> _DATASET ENTRIES_

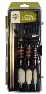 The Universal Shotgun 20pc Cleaning Kit comes with the brass cleaning rod, pull-through cable, six piece bit set and a thread adapter for the cleaning rods. The bore brushes and mops for 12 gauge, 20 gauge and .410 as well as 25 cleaning patches are included.
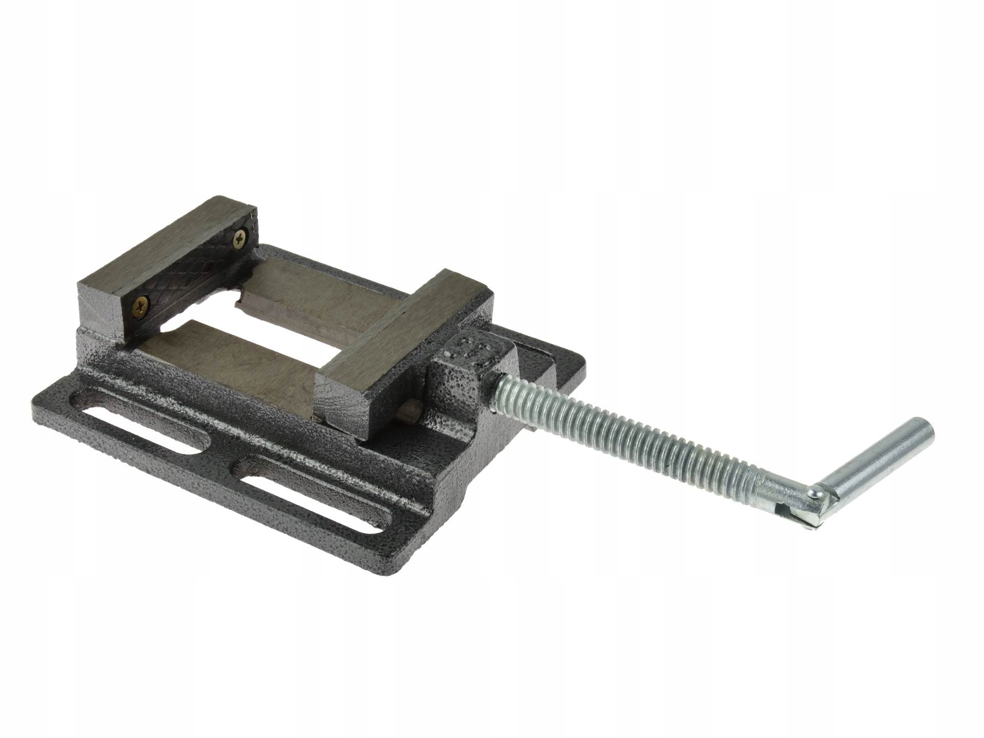 Тиски для дрели с рифленым основанием, обеспечивающим легкую установку и позиционирование тисков.
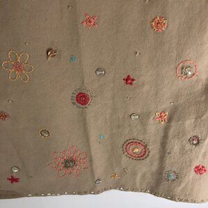 Khaki skirt with floral embroidery, ideal for casual wear.
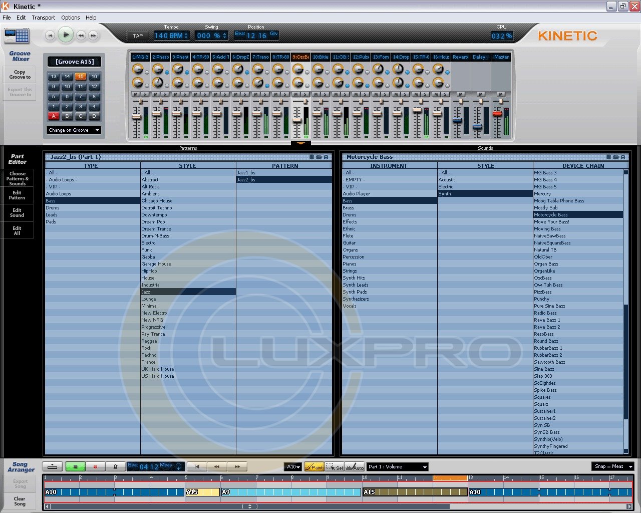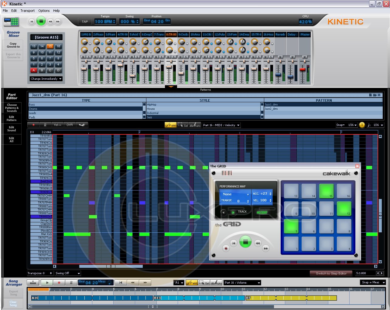 Cakewalk Kinetic 2 ориентирован на пользователей, не имеющих музыкального образования и опыта в области программирования треков на компьютере, и позволяет построить партию от начала до конца, используя сэмплы, которые входят в комплект поставки. Свои собственные ритмы можно сыграть на компьютерной клавиатуре. Играть по виртуальным кнопкам ритм-машины GRID можно и при помощи мыши; а если в вашем распоряжении есть MIDI-контроллер, то задача программирования партии ударных тем более упрощается. С Cakewalk Kinetic 2 вы можете стать танцевальным и хип-хоп продюсером! Kinetic предоставляет самый быстрый и легкий способ создавать электронную музыку. Даже если у вас нет музыкального опыта, очень просто начать создавать собственные композиции. И это еще не все: ритмы будут превосходного качества, т. к. Kinetic обладает лучшим набором инструментальных звуков, доступным для персональных компьютеров. Kinetic предоставляет 100%-ый звук Roland благодаря своим настраиваемым синтезаторам и ритмам. Название Roland ассоциируется с лучшими в мире образцами хип-хопа, танцевальной и электронной музыки. Эти инструменты используются лидерами чартов уже более 20 лет. Оборудование для создания таких звуков стоило бы тысячи долларов, а теперь Вы можете быть сами себе продюсером за собственным персональным компьютером. Kinetic не просто обеспечит хорошее звучание: он поможет раскрыть музыкальный талант любому, несмотря на его опыт и музыкальное образование. Просто выберите инструмент и стиль музыки, и Вам будут доступны тысячи профессионально записанных сэмплов. Чтобы добавить собственную изюминку в музыкальное произведение, Вы можете модифицировать эти сэмплы или создавать свои. Просто выберите нужные инструменты, и Вы уже создаете собственную композицию.Характеристики:
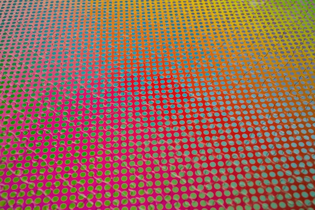 有趣的是仔細一看,便能發現一塊塊拼圖就像穿了圓點洋裝一般,而且這些圓點的大小一致,色系更是明確的對比色。

> _WORK TO BE COMPLETED_
Take the lines from the start of the listing above through the line with "Khaki skirt with", both ends included, and copy them exactly, leaving the pictures behind.

> _OUTPUT_
 The Universal Shotgun 20pc Cleaning Kit comes with the brass cleaning rod, pull-through cable, six piece bit set and a thread adapter for the cleaning rods. The bore brushes and mops for 12 gauge, 20 gauge and .410 as well as 25 cleaning patches are included.
 Тиски для дрели с рифленым основанием, обеспечивающим легкую установку и позиционирование тисков.
 Khaki skirt with floral embroidery, ideal for casual wear.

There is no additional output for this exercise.